_Task to carry out_
Where an image appears in the data, omit it and reproduce the rest exactly.

_Given information_
BEGIN

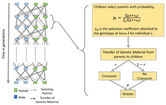After the children have randomly selected their parents, the child requests one chromosome from each of the parents. The parents randomly select whether to pass one of their two chromosomes, or to construct a new chromosome via a recombination event involving a crossover between its two chromosomes with respect to the recombination rate, r. If a crossover is generated, the parent randomly selects a location and transfers the genetic material up to that location from one chromosome and the rest from the its other copy. This is done in part to reconstruct the ARG, and to characterize genetic variation along chromosomes yielding the final recombinations []. In case of no recombination, the parent randomly decides which chromosome’s genetic material should be passed over to the child (see Figure 1 of the main manuscript).
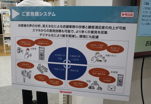 お客様のスマホから意見投稿ができ、店舗の端末で回答を入力後、サイネージに投稿意見の表示が可能なご意見箱システムも参考出品されていました。お客様への回答をサポートするAIアシスタント機能や感情分析、ワードクラウドによるトレンド分析も魅力的な機能です。
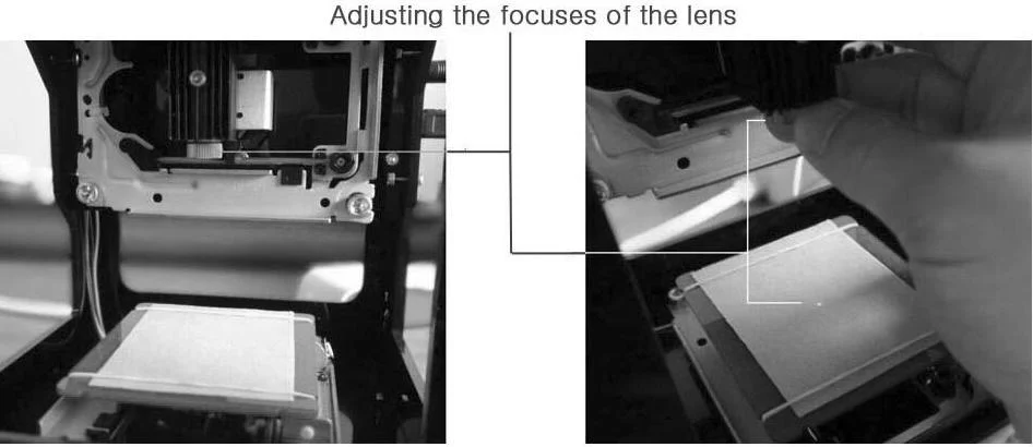We will use the gray cardboard to carve as an example to explain, please follow the instructions to do your operation. If you are working for the first time, you can ignore this step, because factory default settings the focal length of the gray cardboard, there is no need to do any adjustment. If you need to carve the object in different thickness, you need to place the object in the engraving platform and adjust the focus manually, when in the first operation, it is recommended to use a gray cardboard (in the package list) to carve; The method of adjust the focal length as follow: 1: Fixed the surface of the carved objects at the level of the bearing table, Pick up the focusing mirror ( sent in random, just to be used as focus),rotate the focus head manually, shown in figure:
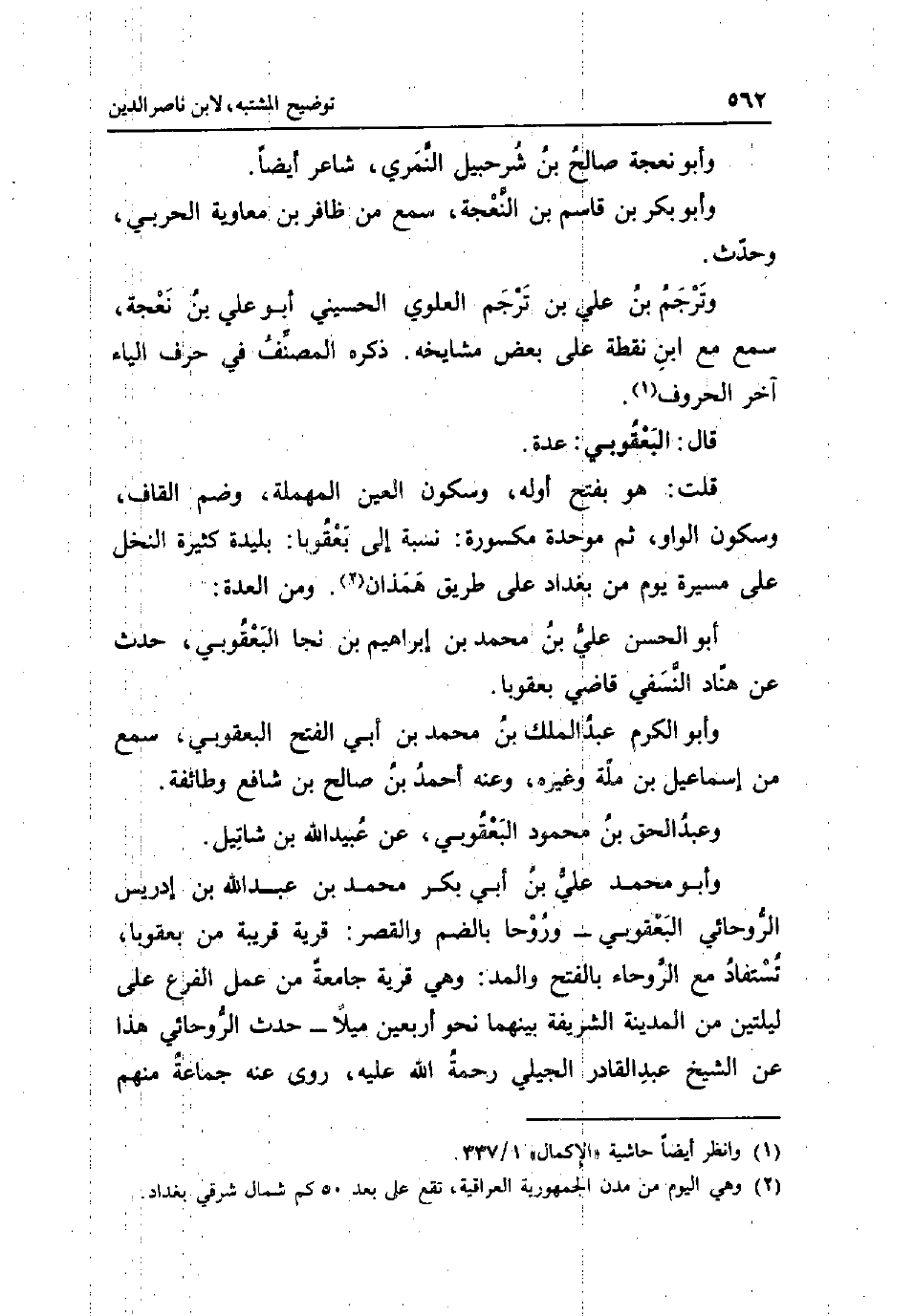 وَأَبُو نعجة صَالح بن شُرَحْبِيل النمري شَاعِر أَيْضا وَأَبُو بكر بن قَاسم بن النعجة سمع من ظافر بن مُعَاوِيَة الْحَرْبِيّ وَحدث وَترْجم بن عَليّ بن ترْجم الْعلوِي الْحُسَيْنِي أَبُو عَليّ بن نعجة سمع مَعَ ابْن نقطة على بعض مشايخه ذكره المُصَنّف فِي حرف الْيَاء آخر الْحُرُوف قَالَ: البعقوبي: عدَّة قلت: هُوَ بِفَتْح اوله وَسُكُون الْعين الْمُهْملَة وَضم الْقَاف وَسُكُون الْوَاو ثمَّ مُوَحدَة مَكْسُورَة: نِسْبَة إِلَى بعقوبا: بليدَة كَثِيرَة النّخل على مسيرَة يَوْم من بَغْدَاد على طَرِيق همذان وَمن الْعدة: أَبُو الْحسن عَليّ بن مُحَمَّد بن إِبْرَاهِيم بن نجا البعقوبي حدث عَن هناد السنفي قَاضِي بعقوبا وَأَبُو الْكَرم عبد الْملك بن مُحَمَّد بن أبي الْفَتْح البعقوبي سمع من إِسْمَاعِيل بن مِلَّة وَغَيره وَعنهُ أَحْمد بن صَالح بن شَافِع طَائِفَة وَعبد الْحق بن مَحْمُود البعقوبي عَن عبيد الله بن شاتيل وَأَبُو مُحَمَّد عَليّ بن أبي بكر مُحَمَّد بن عبد الله بن إِدْرِيس الروحائي البعقوبي - وروحا بِالضَّمِّ وَالْقصر: قَرْيَة قريبَة من بعقوبا تستفاد مَعَ الروحاء بِالْفَتْح وَالْمدّ: وَهِي قَرْيَة جَامِعَة من عمل الْفَرْع على لَيْلَتَيْنِ من الْمَدِينَة الشَّرِيفَة بَينهمَا نَحْو أَرْبَعِينَ ميلًا - حدث الروحائي هَذَا عَن الشَّيْخ عبد الْقَادِر الجيلي رَحْمَة الله عَلَيْهِ روى عَنهُ جمَاعَة مِنْهُم

END

_Finished task_
After the children have randomly selected their parents, the child requests one chromosome from each of the parents. The parents randomly select whether to pass one of their two chromosomes, or to construct a new chromosome via a recombination event involving a crossover between its two chromosomes with respect to the recombination rate, r. If a crossover is generated, the parent randomly selects a location and transfers the genetic material up to that location from one chromosome and the rest from the its other copy. This is done in part to reconstruct the ARG, and to characterize genetic variation along chromosomes yielding the final recombinations []. In case of no recombination, the parent randomly decides which chromosome’s genetic material should be passed over to the child (see Figure 1 of the main manuscript).
 お客様のスマホから意見投稿ができ、店舗の端末で回答を入力後、サイネージに投稿意見の表示が可能なご意見箱システムも参考出品されていました。お客様への回答をサポートするAIアシスタント機能や感情分析、ワードクラウドによるトレンド分析も魅力的な機能です。
We will use the gray cardboard to carve as an example to explain, please follow the instructions to do your operation. If you are working for the first time, you can ignore this step, because factory default settings the focal length of the gray cardboard, there is no need to do any adjustment. If you need to carve the object in different thickness, you need to place the object in the engraving platform and adjust the focus manually, when in the first operation, it is recommended to use a gray cardboard (in the package list) to carve; The method of adjust the focal length as follow: 1: Fixed the surface of the carved objects at the level of the bearing table, Pick up the focusing mirror ( sent in random, just to be used as focus),rotate the focus head manually, shown in figure:
 وَأَبُو نعجة صَالح بن شُرَحْبِيل النمري شَاعِر أَيْضا وَأَبُو بكر بن قَاسم بن النعجة سمع من ظافر بن مُعَاوِيَة الْحَرْبِيّ وَحدث وَترْجم بن عَليّ بن ترْجم الْعلوِي الْحُسَيْنِي أَبُو عَليّ بن نعجة سمع مَعَ ابْن نقطة على بعض مشايخه ذكره المُصَنّف فِي حرف الْيَاء آخر الْحُرُوف قَالَ: البعقوبي: عدَّة قلت: هُوَ بِفَتْح اوله وَسُكُون الْعين الْمُهْملَة وَضم الْقَاف وَسُكُون الْوَاو ثمَّ مُوَحدَة مَكْسُورَة: نِسْبَة إِلَى بعقوبا: بليدَة كَثِيرَة النّخل على مسيرَة يَوْم من بَغْدَاد على طَرِيق همذان وَمن الْعدة: أَبُو الْحسن عَليّ بن مُحَمَّد بن إِبْرَاهِيم بن نجا البعقوبي حدث عَن هناد السنفي قَاضِي بعقوبا وَأَبُو الْكَرم عبد الْملك بن مُحَمَّد بن أبي الْفَتْح البعقوبي سمع من إِسْمَاعِيل بن مِلَّة وَغَيره وَعنهُ أَحْمد بن صَالح بن شَافِع طَائِفَة وَعبد الْحق بن مَحْمُود البعقوبي عَن عبيد الله بن شاتيل وَأَبُو مُحَمَّد عَليّ بن أبي بكر مُحَمَّد بن عبد الله بن إِدْرِيس الروحائي البعقوبي - وروحا بِالضَّمِّ وَالْقصر: قَرْيَة قريبَة من بعقوبا تستفاد مَعَ الروحاء بِالْفَتْح وَالْمدّ: وَهِي قَرْيَة جَامِعَة من عمل الْفَرْع على لَيْلَتَيْنِ من الْمَدِينَة الشَّرِيفَة بَينهمَا نَحْو أَرْبَعِينَ ميلًا - حدث الروحائي هَذَا عَن الشَّيْخ عبد الْقَادِر الجيلي رَحْمَة الله عَلَيْهِ روى عَنهُ جمَاعَة مِنْهُم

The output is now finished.